CAPS and TMF - A Look Back
It was just over 4 years ago that I was invited to participate in the beta version of CAPS. Being an anniversay or sorts, that calls for a look back.
I didn't jump at it right away, but once I did give it some consideration, I was very much intrigued by the potential for this user-based network of stock rating / recommendations. I'm a big believer in what Alvin Toffler terms prosumerism i.e. making your customers act at least partly as employees, and TMF clearly always embraced that concept, and took it up a notch with CAPS. So I made some picks and became an active participant on the beta test / suggestion board.
I decided right away that I was going to do something a bit different with CAPS. It pitched itself early on as a game of sorts, and that didn't interest me all that much. I was doing some (very little) writing at the time for TMF in and around biotech / healthcare. Basically, I was providing some coverage of industry news, and offering an opinion or two on the companies and that news based as much as possible on my industry perspective (I still do that, but on subscriber message boards as a home coverage Fool). I recall at the time appreciating the faith TMF showed in having me offer up that opinion, but while I was comfortable being opinionated, I was a tad insecure as to whether I really knew what I was talking about (and don't even get me started over concern related to writing ability .. blessings on all the Fool editors). Applying industry experience to investing and company analysis can make sense and be profitable, but I well knew that it was loaded with psychological traps and inherent biases as well. For example most scientists I know (and hang with) completely fail to appreciate business considerations.

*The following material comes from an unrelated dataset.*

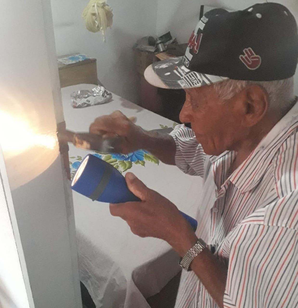 Na tarde desta sexta (7), a reportagem do Blog do Ril de Beto, esteve na casa de Seu Irineu. Ao chegar na residência, ele foi flagrado com um martelo em uma mão e uma lanterna na outra, consertando a fechadura da porta do quarto, demonstrando assim toda sua vitalidade. Sempre ativo e atencioso, Seu Irineu falou de seus costumes e manias. Comer pouco, dormir bem e viver sempre com alegria. Quando fala sobre a morte, ele diz que ela está arrudiando, porém ele não deixa ela entrar em sua residência. "Aqui não entra morte nem mosquito", disse o centenário.

With CAPS, I saw a tool where I could measure myself and get a sense of whether my impressions on the companies within my area of expertise as investments were correct. So I made this a biotech-only CAPS protfolio right from the start. Immediately I appreciated (always knew this really) that what to me is biotech is really healthcare to everyone else. Most investors consider only smallish drug developing companies as biotech investments. I consider that to be a rediculously narrow opinion, and one that focuses on the least attractive industry segment for investing. Give me picks, shovels, and established dividend payers any day.
My initial picks in June of 2006 JNJ, Abbott, GlaxoSmithKline, Dr. Reddy's, Barr (since acquired by Teva), Celera, Invitrogen, Medtronic, and GE (as a healthcare play). Only 2 are still active from that original selection set, JNJ and Medtronic (which reminds me, I should re-up ABT .. done). I was only 50:50 with the closed pick (1 was closed green, but under +5). I was smart close a few, and others I should have let run for a time longer or at least revisited.
I did well with CAPS early, getting as high as #19 I think (less than 2000 players at the time), but then shot down to sub-20 beanie wearing status. It was a climb since that time, and one that really refined my ability to invest within that industry arena that I know and follow.
CAPS is a very good information and opinion gathering tool. It is a better tool, in my opinion, for testing and measuring oneself (over time), and building confidence in what and how one invests. Features like blogs, pitches, reply's and such are tremendously useful notebooking features for recording and adjusting ones opinion (I don't use them enough).
I'm not as active with CAPS as I once was (I again have other outlets for pontificating), but I would be better served as an individual investor if I was again. It has helped me gain that confidence and refine that ability that suspected I had, at least within this narrow realm. Now I just need to watch out for overconfidence.